Radar charts are useful for multi-variable comparisons in a single view and give a quick understanding of a country's agricultural strengths.


In [None]:
import numpy as np

# Get top 5 countries for radar
top_5 = data.groupby('Country')['rice_production'].sum().sort_values(ascending=False).head(5).index
avg_data = data[data['Country'].isin(top_5)].groupby('Country')[['rice_production', 'wheat_production', 'vegetable_production']].mean()

# Radar setup
labels = ['Rice', 'Wheat', 'Vegetables']
angles = np.linspace(0, 2 * np.pi, len(labels), endpoint=False).tolist()
angles += angles[:1]

plt.figure(figsize=(8, 8))

for country in avg_data.index:
    values = avg_data.loc[country].tolist()
    values += values[:1]
    plt.polar(angles, values, label=country, marker='o')

plt.xticks(angles[:-1], labels)
plt.title("Average Crop Production Comparison (Top 5 Countries)")
plt.legend(loc='upper right')
plt.show()


## ✅ Conclusion

This project successfully explored and analyzed global rice production trends using a combination of **data visualization**, **statistical analysis**, and **machine learning (Linear Regression)**.

We derived meaningful insights from a multi-dimensional dataset that included rice, wheat, and vegetable production across various countries and years.
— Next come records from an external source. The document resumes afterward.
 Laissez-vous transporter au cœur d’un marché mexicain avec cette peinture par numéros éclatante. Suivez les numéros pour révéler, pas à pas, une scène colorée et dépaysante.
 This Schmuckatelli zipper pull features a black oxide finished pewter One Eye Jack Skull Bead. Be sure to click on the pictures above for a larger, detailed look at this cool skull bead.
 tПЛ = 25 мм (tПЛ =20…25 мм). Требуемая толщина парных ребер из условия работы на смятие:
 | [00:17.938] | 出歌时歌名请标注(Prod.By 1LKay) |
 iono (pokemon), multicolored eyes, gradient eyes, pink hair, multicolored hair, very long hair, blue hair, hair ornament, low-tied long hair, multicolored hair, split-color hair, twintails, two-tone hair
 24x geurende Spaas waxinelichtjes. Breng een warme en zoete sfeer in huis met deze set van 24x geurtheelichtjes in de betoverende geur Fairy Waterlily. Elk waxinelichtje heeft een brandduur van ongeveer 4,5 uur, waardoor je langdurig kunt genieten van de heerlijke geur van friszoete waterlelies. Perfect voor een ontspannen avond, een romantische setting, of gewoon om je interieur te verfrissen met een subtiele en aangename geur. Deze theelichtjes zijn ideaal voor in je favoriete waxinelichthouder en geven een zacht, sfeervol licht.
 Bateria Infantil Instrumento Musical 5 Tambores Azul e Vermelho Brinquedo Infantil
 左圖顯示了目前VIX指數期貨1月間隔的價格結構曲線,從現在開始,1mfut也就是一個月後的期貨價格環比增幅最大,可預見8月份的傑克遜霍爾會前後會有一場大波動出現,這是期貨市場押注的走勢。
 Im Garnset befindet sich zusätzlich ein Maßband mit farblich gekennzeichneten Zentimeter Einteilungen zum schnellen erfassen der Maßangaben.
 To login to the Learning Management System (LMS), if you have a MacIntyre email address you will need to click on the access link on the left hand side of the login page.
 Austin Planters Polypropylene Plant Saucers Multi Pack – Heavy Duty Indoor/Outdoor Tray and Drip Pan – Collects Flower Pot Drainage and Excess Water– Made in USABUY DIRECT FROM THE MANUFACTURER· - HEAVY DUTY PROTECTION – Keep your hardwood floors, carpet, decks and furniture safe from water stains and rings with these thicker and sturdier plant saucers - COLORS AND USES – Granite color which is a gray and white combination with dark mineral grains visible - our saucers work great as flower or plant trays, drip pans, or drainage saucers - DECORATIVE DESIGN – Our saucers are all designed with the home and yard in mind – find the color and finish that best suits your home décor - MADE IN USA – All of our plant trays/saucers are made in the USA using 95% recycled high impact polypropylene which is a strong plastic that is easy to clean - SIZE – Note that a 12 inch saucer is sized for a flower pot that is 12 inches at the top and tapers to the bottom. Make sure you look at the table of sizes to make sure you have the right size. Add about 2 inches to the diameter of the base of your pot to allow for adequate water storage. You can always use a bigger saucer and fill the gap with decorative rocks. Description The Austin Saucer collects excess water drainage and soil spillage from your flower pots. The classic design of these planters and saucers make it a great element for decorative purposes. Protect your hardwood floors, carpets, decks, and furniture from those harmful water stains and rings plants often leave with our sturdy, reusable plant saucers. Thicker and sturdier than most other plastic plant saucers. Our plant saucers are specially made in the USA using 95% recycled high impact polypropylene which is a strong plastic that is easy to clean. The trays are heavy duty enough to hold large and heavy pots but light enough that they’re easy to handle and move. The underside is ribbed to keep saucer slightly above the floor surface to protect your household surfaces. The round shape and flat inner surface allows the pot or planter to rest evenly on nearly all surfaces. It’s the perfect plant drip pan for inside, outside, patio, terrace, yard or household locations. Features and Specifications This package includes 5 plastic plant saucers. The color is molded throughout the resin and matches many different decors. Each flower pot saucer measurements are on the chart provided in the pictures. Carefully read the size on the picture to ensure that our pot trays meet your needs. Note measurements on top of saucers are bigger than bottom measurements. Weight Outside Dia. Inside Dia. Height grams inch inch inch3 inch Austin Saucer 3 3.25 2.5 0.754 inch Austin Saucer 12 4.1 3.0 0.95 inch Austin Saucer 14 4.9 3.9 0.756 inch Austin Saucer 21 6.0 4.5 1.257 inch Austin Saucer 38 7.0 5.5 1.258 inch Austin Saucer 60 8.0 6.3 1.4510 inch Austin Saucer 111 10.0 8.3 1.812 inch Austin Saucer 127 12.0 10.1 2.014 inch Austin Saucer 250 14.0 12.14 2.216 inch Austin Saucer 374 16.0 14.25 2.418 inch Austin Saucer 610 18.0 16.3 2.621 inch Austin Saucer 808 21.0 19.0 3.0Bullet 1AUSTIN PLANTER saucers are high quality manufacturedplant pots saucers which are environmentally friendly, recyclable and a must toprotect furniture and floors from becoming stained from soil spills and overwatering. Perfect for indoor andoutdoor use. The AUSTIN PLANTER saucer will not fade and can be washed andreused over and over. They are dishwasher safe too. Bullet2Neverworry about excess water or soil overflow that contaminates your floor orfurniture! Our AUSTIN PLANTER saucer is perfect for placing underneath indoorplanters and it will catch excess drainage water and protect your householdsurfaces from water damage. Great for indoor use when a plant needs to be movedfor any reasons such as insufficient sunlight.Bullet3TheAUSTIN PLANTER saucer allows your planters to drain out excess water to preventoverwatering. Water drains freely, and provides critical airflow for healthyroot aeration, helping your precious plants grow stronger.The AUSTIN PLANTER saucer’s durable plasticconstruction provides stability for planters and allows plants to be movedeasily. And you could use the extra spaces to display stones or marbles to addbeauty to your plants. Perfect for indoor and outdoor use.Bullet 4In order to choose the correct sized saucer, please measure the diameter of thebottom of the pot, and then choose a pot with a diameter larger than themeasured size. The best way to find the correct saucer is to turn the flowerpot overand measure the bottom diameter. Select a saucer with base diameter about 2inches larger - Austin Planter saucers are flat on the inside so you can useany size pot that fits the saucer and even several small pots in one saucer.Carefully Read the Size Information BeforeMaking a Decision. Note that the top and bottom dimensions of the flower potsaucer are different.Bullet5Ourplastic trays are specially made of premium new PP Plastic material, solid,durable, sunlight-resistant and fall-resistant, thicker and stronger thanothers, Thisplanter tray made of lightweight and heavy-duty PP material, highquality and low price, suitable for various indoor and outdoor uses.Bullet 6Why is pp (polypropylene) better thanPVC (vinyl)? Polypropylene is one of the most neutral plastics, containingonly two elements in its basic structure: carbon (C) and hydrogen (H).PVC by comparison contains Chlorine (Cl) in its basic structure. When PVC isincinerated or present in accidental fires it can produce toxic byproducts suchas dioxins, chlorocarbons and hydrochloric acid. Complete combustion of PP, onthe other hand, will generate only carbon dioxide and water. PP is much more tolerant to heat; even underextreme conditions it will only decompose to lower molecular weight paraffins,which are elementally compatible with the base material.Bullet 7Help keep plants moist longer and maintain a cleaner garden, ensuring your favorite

Key achievements include:

- Cleaning and preprocessing real-world agricultural data
- Identifying **top-performing countries** in rice production
- Visualizing long-term trends, yearly fluctuations, and country-wise comparisons
- Detecting **anomalies and outliers** using statistical methods like **Z-score**
- Predicting future rice production using **Linear Regression**
- Comparing crop diversity using **radar charts**, **box plots**, and **stacked area charts**

**Final Insight:**  
Global rice production has shown a steady upward trend, but **fluctuations, regional differences, and outliers** reveal the impact of external factors like climate, economy, and policy. Predictive modeling can assist **governments, farmers, and organizations** in making better decisions about food security, resource planning, and agricultural investments.

---

### 📌 Future Enhancements
- Incorporate **time-series forecasting** models like ARIMA or Prophet for more accurate predictions.
- Analyze the impact of **external features** such as rainfall, temperature, or fertilizer usage.
- Build an **interactive dashboard** using Streamlit or Plotly for dynamic exploration.
- Extend the project to include **yield per capita** or **crop vs climate analysis**.

This project demonstrates the power of **data science and machine learning in agriculture**, offering a foundation for more advanced research and impactful solutions.